Owen Yang

If you are a clinician or a biological scientist, and feel like this is out of your comfort zone, please hear me out. Because this is obviously written for you.

Over-fitting is a big issue in prediction models or in machine learning

Previously I have asked Chat GPT what over-fitting is (here). I will try to explain again here.

The purpose of machine learning is to find a prediction model that has the best prediction of the outcome (such as predicting disease, predicting treatment failure, or predicting consumers buying certain products). It (the ‘machine’) uses a dataset in which the outcome is already known, and then can try 100s, 1000s, or 10000s of predictors (if they have data of them, of course), and find the best combination of predictors that can predict the outcome in that dataset. Machine learning people would probably call it ‘training,’ as to training the machine to develop a prediction model.

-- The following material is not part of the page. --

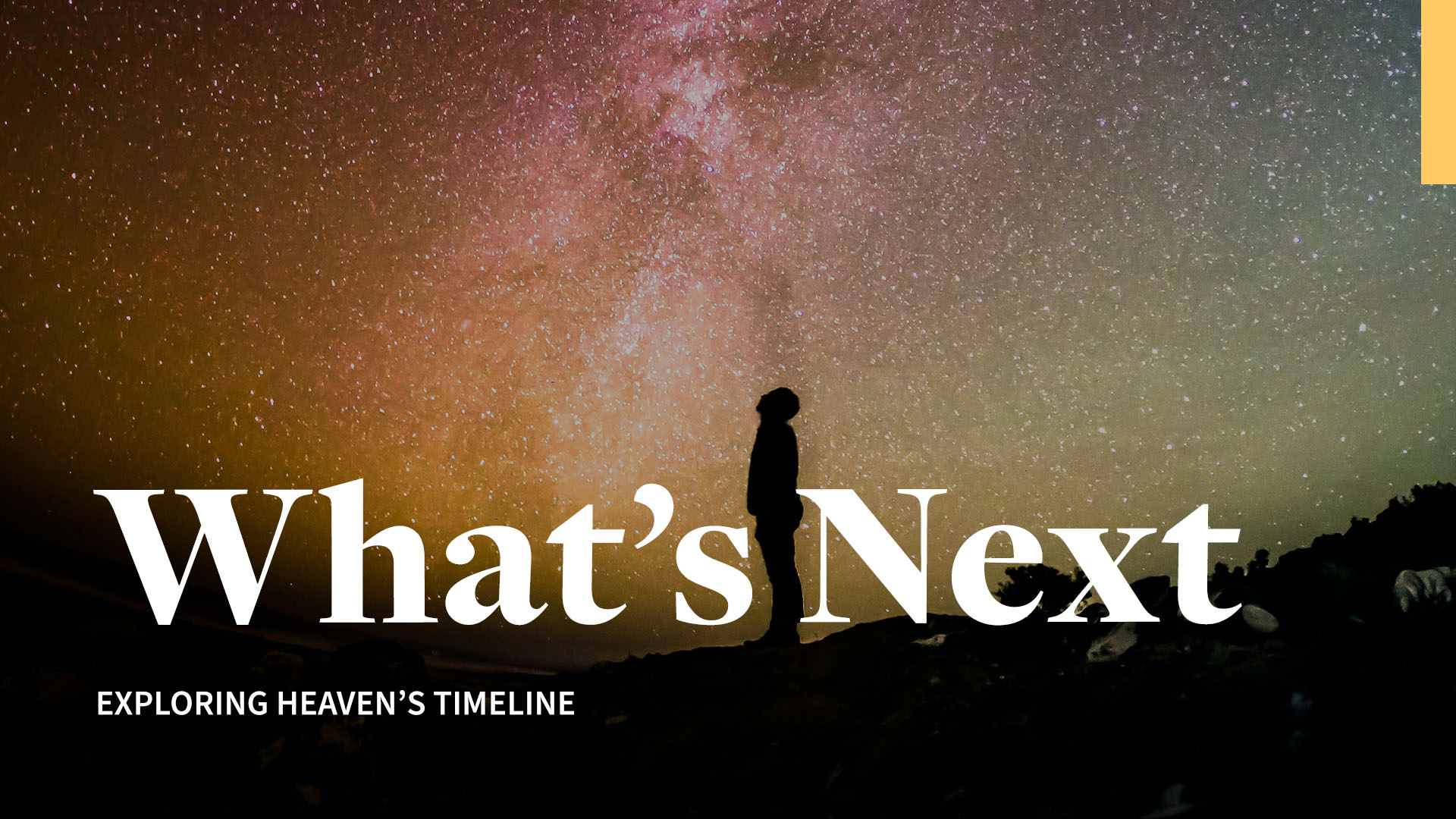 These are days of wars, pandemics, and plagues. Morality is off the rails. Anything goes and nothing is off-limits. God’s prescription for this chaos? Ponder what he has planned for his children. “Think about the things of heaven, not the things of earth” (Col. 3:2 NLT). Knowing what is coming next empowers us to face what is happening now. In our “What’s Next” sermon series, we will explore the milestone moments on heaven’s timeline and learn to face the future with faith.

When many predictors are used, it is very easy to be able to predict the outcome nearly perfectly during training, but it does not mean the prediction model can predict perfectly when it is actually used to predict the unknown. Imaging you want to predict cancer and have this factor called personal ID number, then each individual would have their unique ID number. Using ID number you can certainly identify who have had cancer, and ‘predict’ it perfectly in that dataset. Because the ID number has absolutely no causal link to why one might have cancer, this prediction model is useless in predicting future cancer cases. If you have a lot of predictors and can differentiate individuals well enough, you will be able to ‘predict’ outcome perfectly because you can just fit your model to the data perfectly, but to an extent that has no relevance to the real use of the model. Hence it is called over-fitting.

Statistical approaches to counteract over-fitting

I bet there are many ways of counteracting over-fitting, but here I give two examples. The first one is to ‘penalise’ the model for using too many predictors or doing anything excessively to fit the data. Usually when the computer (or the machine, or SPSS or SAS, whatever) tries to ‘fit the model,’ it generates a fitness index for all the models (or model candidates) it tries, and select the model with the ‘best fit.’ Therefore, one can throw some manipulation here, and design a penalty to the fitness index when the model candidate has certain feature, for example when a model is too complex, then the priority is given to a simpler one. Remember parsimony? Read here.

A second approach that is interesting is pre- or post-selecting one factor to represent many factors. When the computer (or the machine) finds a few factors are more or less alike, it could decide to choose one of them to represent them so that the number of total predictors it needs to try is reduced. For example, when you have body weight, body mass index, waist circumference, hip circumference, body fat percentages all in your basket, in major circumstances you may not gain much by using them all.

These methods help to address some over-fitting issues and sometimes called model shrinkage or regularisation techniques. It is not easy for me to explain why they are called these names, and so you will have to look up for yourself.

Who should be doing the model shrinkage?

This is the real topic where I try to get at, but it is difficult to get to this point without explaining all the things above.

There are many reasons that we prefer one model to another. Despite the naive utilitarian view that the best model is a model that works, most of the time a model has to make sense in order to work. The machine ‘knows’ it and is trying to do it, but without the right information fed to the machine, the only thing it can do is to try the number and fiddle with the fitness index.

It is really not appropriate for a human not to look for the right information to feed the machine, but who has the ability to do so? For example, when we try to predict cancer risk in the general population, I am asked why I do not include the genomic or metabolomic factors, which has apparently been shown to predict some cancer risk. How do you answer this question? Is it appropriate to add the factors, and then ask the computer to shrink so that the over-fitting problem can be taken care of? In which scenario can you use these metabolomic factors to predict cancer risk in the general population? Who will be in charge of designing the penalty in the fitness index and how? More importantly, do we need to care about this?

It is also common to see people try to use (conventional) machine learning to predict risk of disease using previous medical history without attempt to ‘teach’ the machine what they mean, and praying the machine to make sense of it. How does the machine know why patients who are diagnosed with hepatitis A would not be given a diagnosis of jaundice? How does the machine know why patients who have a diagnosis of hypothyroidism are recorded to have ‘medication review’ instead of ‘hypothyroidism review’ if they also have hypertension and diabetes? Is your training data sufficient for the computer to know it? If not, how can you expect the computer to choose the best factor to represent others?